Problem to solve:
Set down the lines below, exactly, starting at the one that contains "Améliorez votre Glock" and stopping at the last line, inclusive. Omit pictures.
:: Information supplied
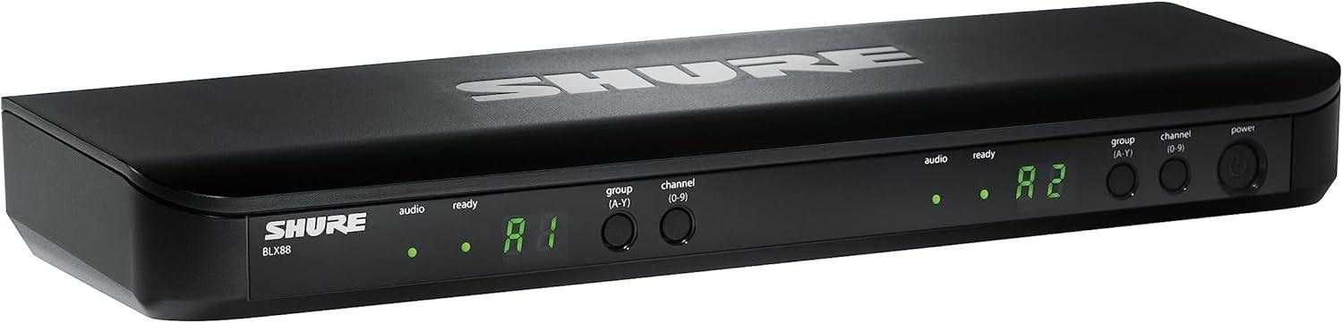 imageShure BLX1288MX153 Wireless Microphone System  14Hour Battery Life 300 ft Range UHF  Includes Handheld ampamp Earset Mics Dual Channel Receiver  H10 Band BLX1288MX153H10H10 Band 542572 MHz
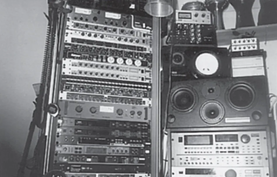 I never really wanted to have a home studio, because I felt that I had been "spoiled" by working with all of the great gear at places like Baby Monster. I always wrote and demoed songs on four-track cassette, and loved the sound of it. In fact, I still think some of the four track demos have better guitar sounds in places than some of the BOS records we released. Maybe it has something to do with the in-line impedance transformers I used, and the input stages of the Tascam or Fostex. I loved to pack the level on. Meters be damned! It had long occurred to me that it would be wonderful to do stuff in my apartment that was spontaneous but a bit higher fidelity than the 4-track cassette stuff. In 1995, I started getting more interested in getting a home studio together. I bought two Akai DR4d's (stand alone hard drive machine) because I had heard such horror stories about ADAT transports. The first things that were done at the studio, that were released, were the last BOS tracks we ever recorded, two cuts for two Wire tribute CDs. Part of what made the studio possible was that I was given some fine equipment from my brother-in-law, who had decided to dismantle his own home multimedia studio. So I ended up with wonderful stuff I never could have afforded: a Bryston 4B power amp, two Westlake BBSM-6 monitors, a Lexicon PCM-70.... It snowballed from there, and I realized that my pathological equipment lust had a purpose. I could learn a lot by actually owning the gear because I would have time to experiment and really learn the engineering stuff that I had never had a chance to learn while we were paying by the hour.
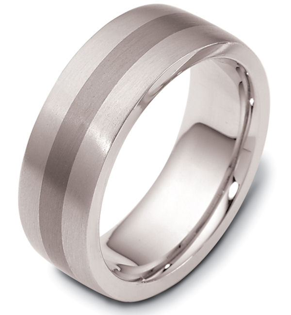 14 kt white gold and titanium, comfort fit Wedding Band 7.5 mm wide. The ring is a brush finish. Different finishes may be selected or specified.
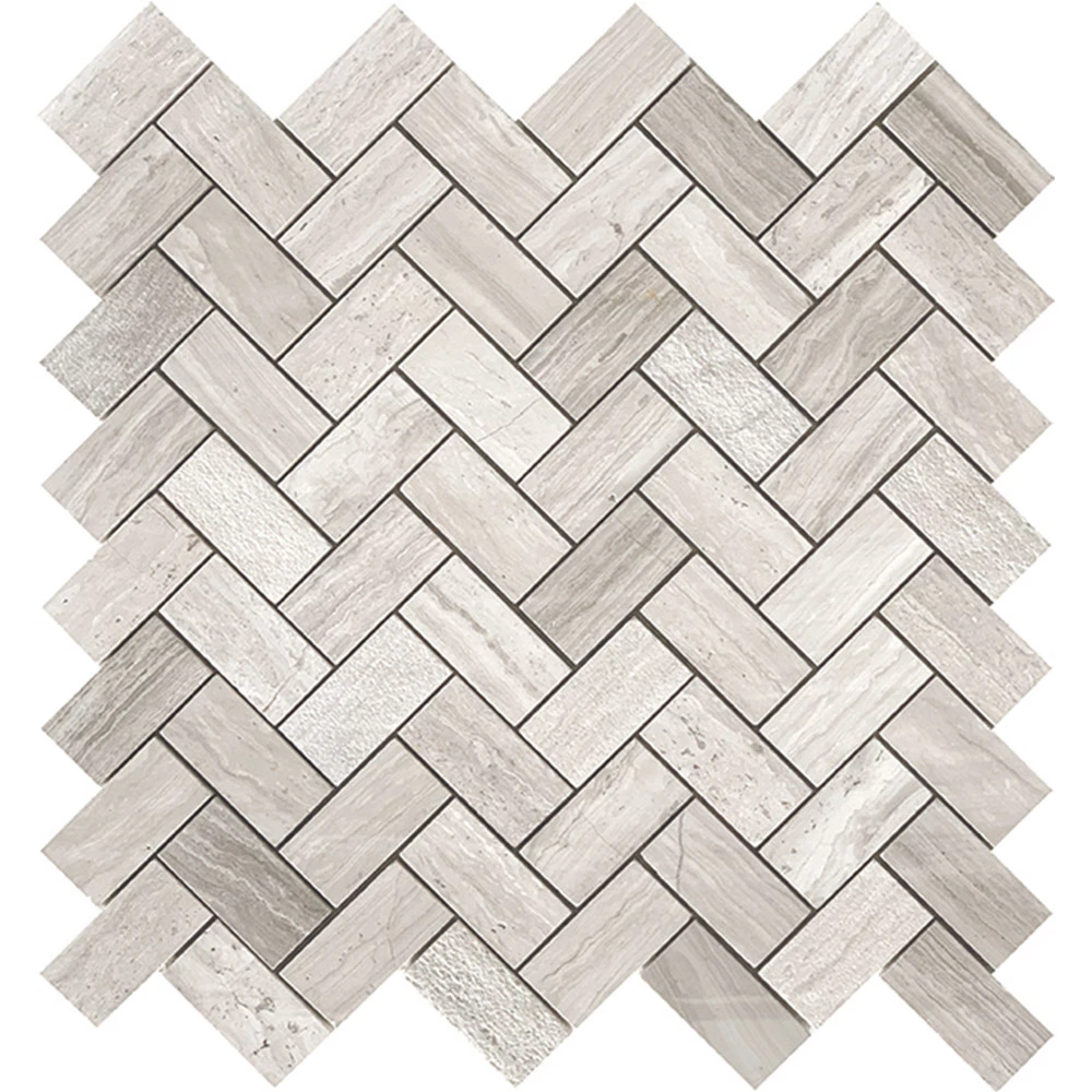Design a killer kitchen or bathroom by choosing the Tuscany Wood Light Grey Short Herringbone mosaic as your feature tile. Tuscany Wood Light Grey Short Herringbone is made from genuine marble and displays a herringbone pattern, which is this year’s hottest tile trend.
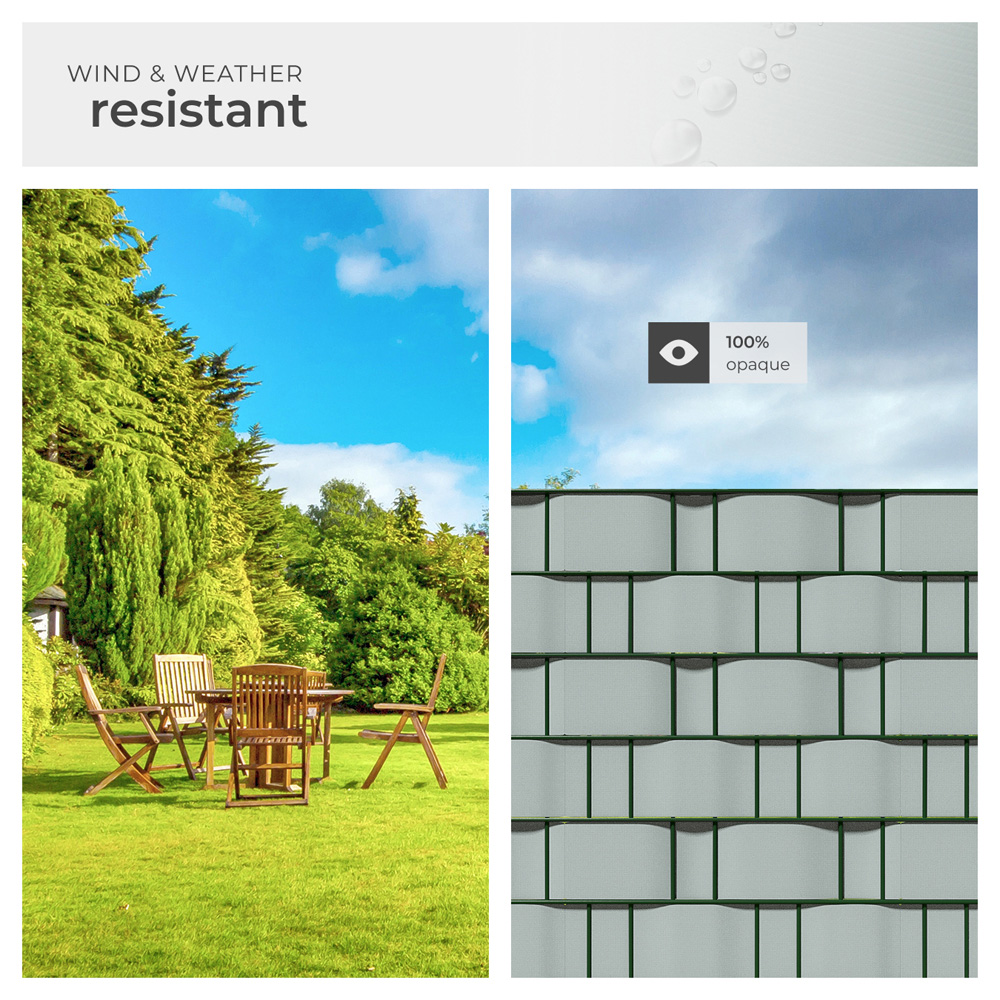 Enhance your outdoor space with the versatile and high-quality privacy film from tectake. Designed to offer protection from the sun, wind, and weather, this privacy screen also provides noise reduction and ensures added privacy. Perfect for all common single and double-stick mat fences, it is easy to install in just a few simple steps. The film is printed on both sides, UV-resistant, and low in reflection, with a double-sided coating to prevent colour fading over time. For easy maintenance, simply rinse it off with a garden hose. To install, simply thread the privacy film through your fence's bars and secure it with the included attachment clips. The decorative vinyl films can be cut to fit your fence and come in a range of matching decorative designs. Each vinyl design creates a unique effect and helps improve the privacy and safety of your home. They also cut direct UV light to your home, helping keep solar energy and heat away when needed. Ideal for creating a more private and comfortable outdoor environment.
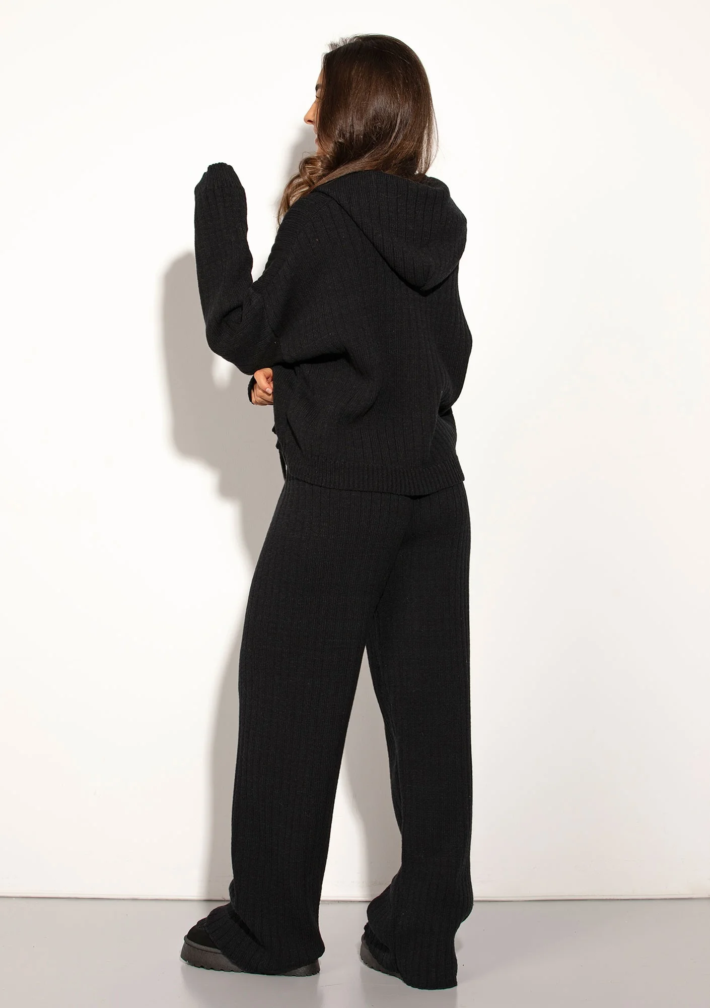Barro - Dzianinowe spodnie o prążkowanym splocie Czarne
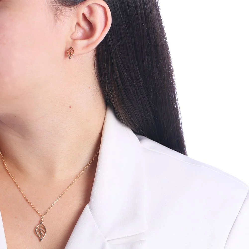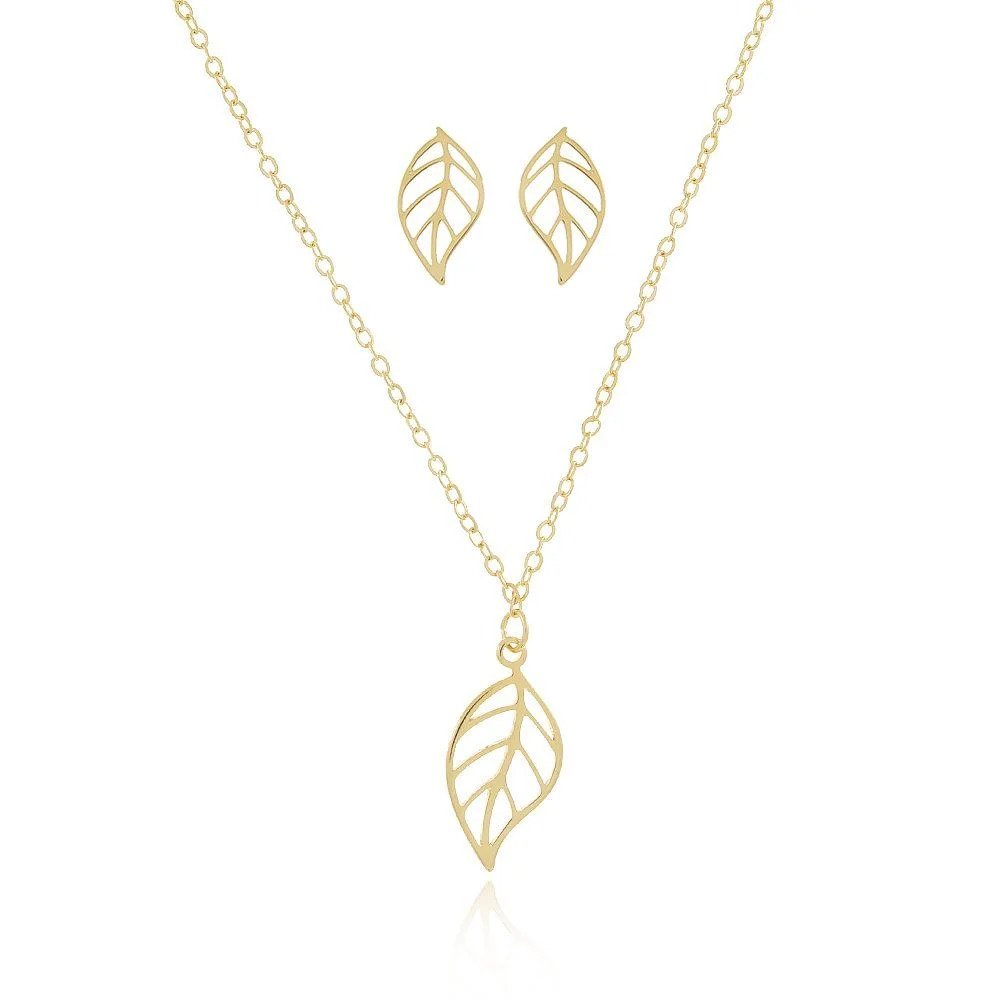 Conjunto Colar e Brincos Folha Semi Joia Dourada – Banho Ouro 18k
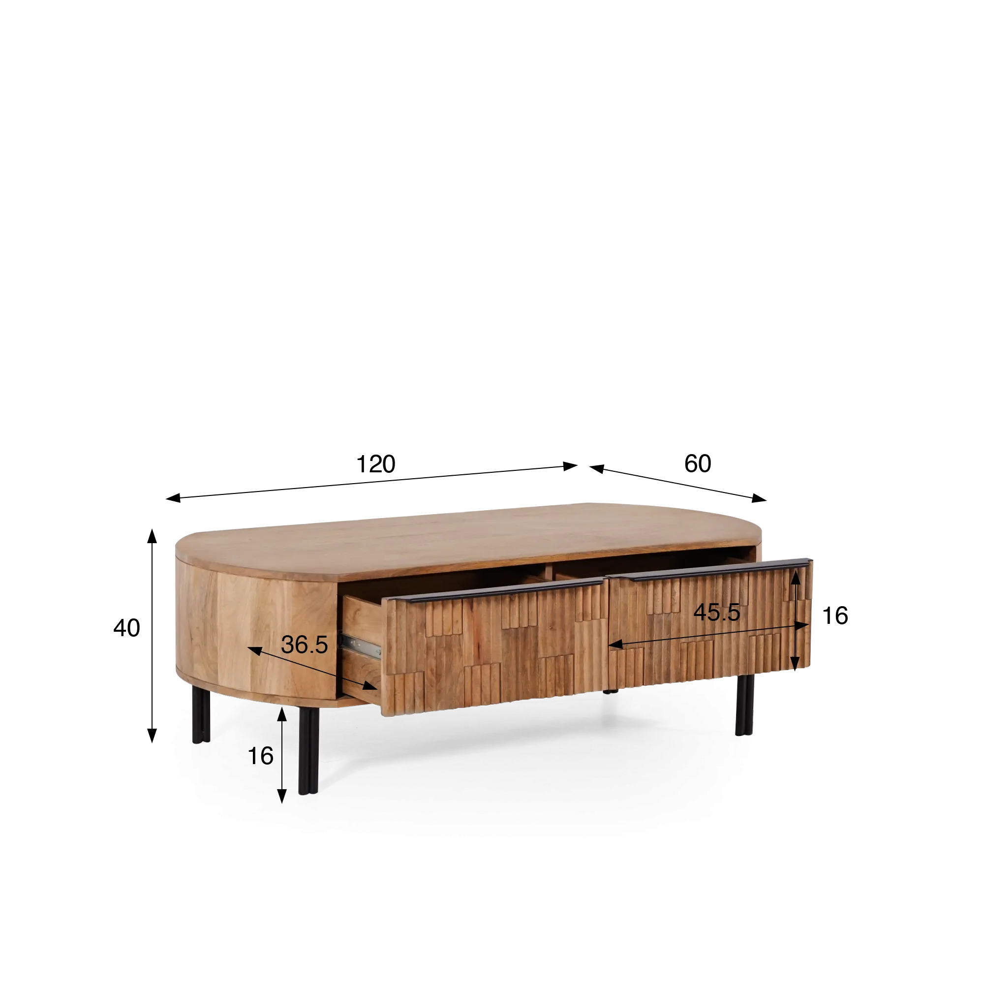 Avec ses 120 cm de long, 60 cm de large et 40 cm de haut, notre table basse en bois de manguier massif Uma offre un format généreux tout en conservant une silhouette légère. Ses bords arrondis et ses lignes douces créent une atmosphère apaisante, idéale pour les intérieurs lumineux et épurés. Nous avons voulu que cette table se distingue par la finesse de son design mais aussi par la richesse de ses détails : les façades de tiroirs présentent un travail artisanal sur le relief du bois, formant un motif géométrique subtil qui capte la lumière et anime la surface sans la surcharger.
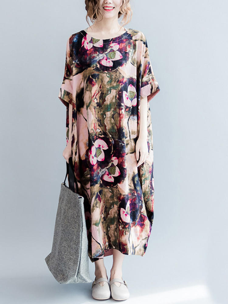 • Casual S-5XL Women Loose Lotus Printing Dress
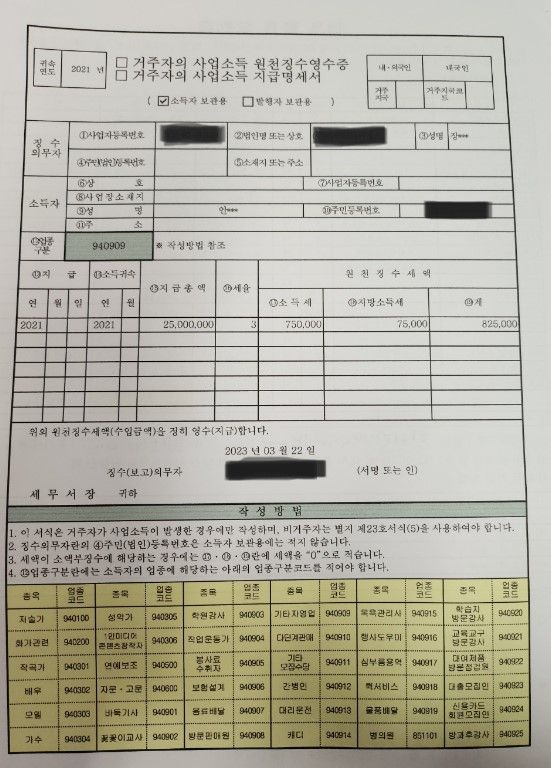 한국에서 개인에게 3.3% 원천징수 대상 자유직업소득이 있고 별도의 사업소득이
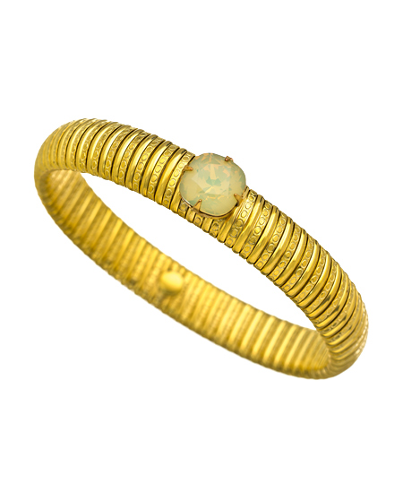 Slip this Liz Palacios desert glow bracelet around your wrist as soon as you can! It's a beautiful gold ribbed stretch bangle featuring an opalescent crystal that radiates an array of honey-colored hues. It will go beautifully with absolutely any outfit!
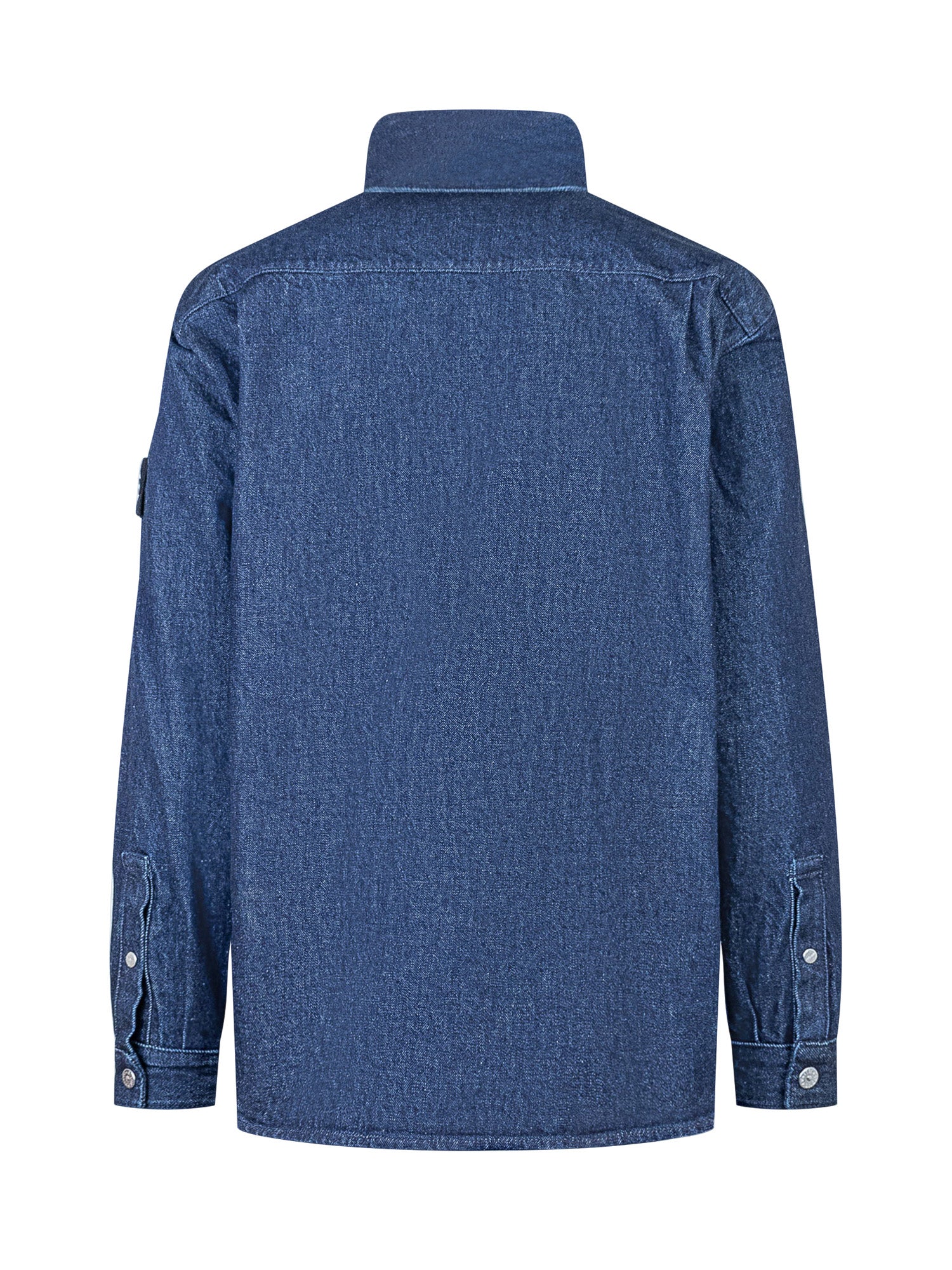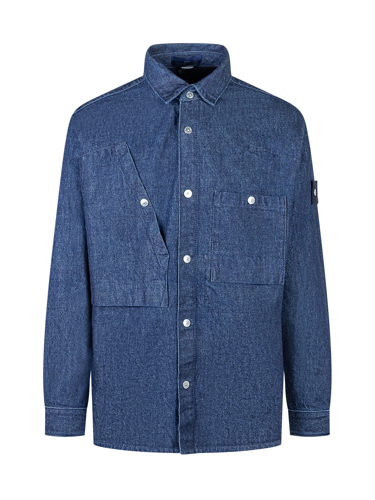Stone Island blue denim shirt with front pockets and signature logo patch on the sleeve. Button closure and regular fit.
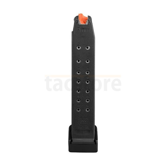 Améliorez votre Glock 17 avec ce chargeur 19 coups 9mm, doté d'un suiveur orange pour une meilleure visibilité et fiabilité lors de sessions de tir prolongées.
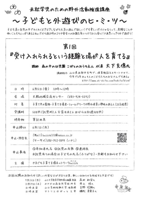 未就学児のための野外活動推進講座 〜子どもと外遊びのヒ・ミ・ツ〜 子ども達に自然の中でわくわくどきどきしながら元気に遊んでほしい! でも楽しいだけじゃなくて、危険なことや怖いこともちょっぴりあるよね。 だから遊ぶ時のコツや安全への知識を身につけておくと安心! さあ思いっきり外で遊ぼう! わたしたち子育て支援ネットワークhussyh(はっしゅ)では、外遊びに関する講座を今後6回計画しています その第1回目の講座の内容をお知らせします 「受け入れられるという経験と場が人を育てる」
::::
Output for this task:
 Améliorez votre Glock 17 avec ce chargeur 19 coups 9mm, doté d'un suiveur orange pour une meilleure visibilité et fiabilité lors de sessions de tir prolongées.
 未就学児のための野外活動推進講座 〜子どもと外遊びのヒ・ミ・ツ〜 子ども達に自然の中でわくわくどきどきしながら元気に遊んでほしい! でも楽しいだけじゃなくて、危険なことや怖いこともちょっぴりあるよね。 だから遊ぶ時のコツや安全への知識を身につけておくと安心! さあ思いっきり外で遊ぼう! わたしたち子育て支援ネットワークhussyh(はっしゅ)では、外遊びに関する講座を今後6回計画しています その第1回目の講座の内容をお知らせします 「受け入れられるという経験と場が人を育てる」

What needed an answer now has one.